Detailed description of the invention
The present invention will be further described with reference to the accompanying drawings, but the embodiment in attached drawing is not constituted to any limit of the invention System, for those of ordinary skill in the art, without creative efforts, can also obtain according to the following drawings Other attached drawings.
Fig. 1 is the structural schematic block diagram of the train rail abnormality detection system of an illustrative embodiment of the invention;
Fig. 2 is the structural schematic block diagram of the anomaly analysis module of an illustrative embodiment of the invention.
Appended drawing reference:
Detection module 1, anomaly analysis module 2, visualization warning module 3, comparing unit 10, anomaly analysis unit 20.
Specific embodiment
The invention will be further described with the following Examples.
Referring to Fig. 1, Fig. 2, the embodiment of the invention provides train rail abnormality detection systems, comprising:
Detection module 1 obtains train rail state-detection data for detecting to train rail state;
Anomaly analysis module 2, including comparing unit 10 and anomaly analysis unit 20, comparing unit 10 are used for the train Track condition detection data is compared with calibration range;Anomaly analysis unit 20 is used to work as the train rail state-detection number When according to exceeding the calibration range, determine that the train rail state-detection data are abnormal;
Warning module 3 is visualized, for generating alarm after determining that the train rail state-detection data are exception Information, and show the warning message, so that maintenance personnel repairs abnormal train rail.

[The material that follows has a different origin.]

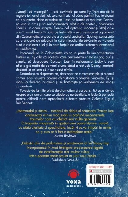 „Acest roman propune o călătorie în timp, purtându-şi cititorii prin Australia plină de frământări a anului 1996, apoi mai adânc în trecut, descriind o copilărie şi o tinereţe modelate de durerile încercate de părinţi, pentru ca apoi să revină la ziua de după comiterea celei mai mari greşeli dintr-o viaţă de om. Povestea imaginată de Tracey Lien coboară în trecut cale de douăzeci de ani, după care îşi readuce cititorii, uluiţi şi cu inimile frânte, în lumina orbitoare a prezentului. Tot ce a rămas nespus e un roman plin de sinceritate şi de tristeţe, dar şi de o frumuseţe copleşitoare. Cu siguranţă că cititorii se vor simţi adânc mişcaţi.” Julia Phillips

Wherein, the detection module 1 includes aggregation node and multiple sensor nodes, multiple sensor node acquisition column Track road state-detection data, the train rail state-detection Data Concurrent that aggregation node converges multiple sensor nodes are sent to institute State anomaly analysis module 2.In a kind of mode of preferred implementation, the sensor node includes that ultrasonic sensor and pressure pass Sensor, ultrasonic sensor, pressure sensor periodically detect its corresponding train rail.In turn, the comparison The ultrasonic signal that ultrasonic sensor acquires is compared unit 10 with the first calibration range, and first calibration range is used In statement ultrasonic signal attenuation range;The comparing unit 10 is also by the pressure information of pressure sensor acquisition and the second calibration Range is compared, and second calibration range is for stating pressure information variation range.
The above embodiment of the present invention realizes adopting in real time for train rail state-detection data using wireless sensor network Collection, is compared by the train rail state-detection data that will acquire with calibration range, to determine that the state of train rail is No exception, if train rail state-detection data exceed calibration range, it is determined that the status information of train rail is exception, can It finds the problem in time, strong real-time, and do not need manually to participate in detection, cost of labor is low.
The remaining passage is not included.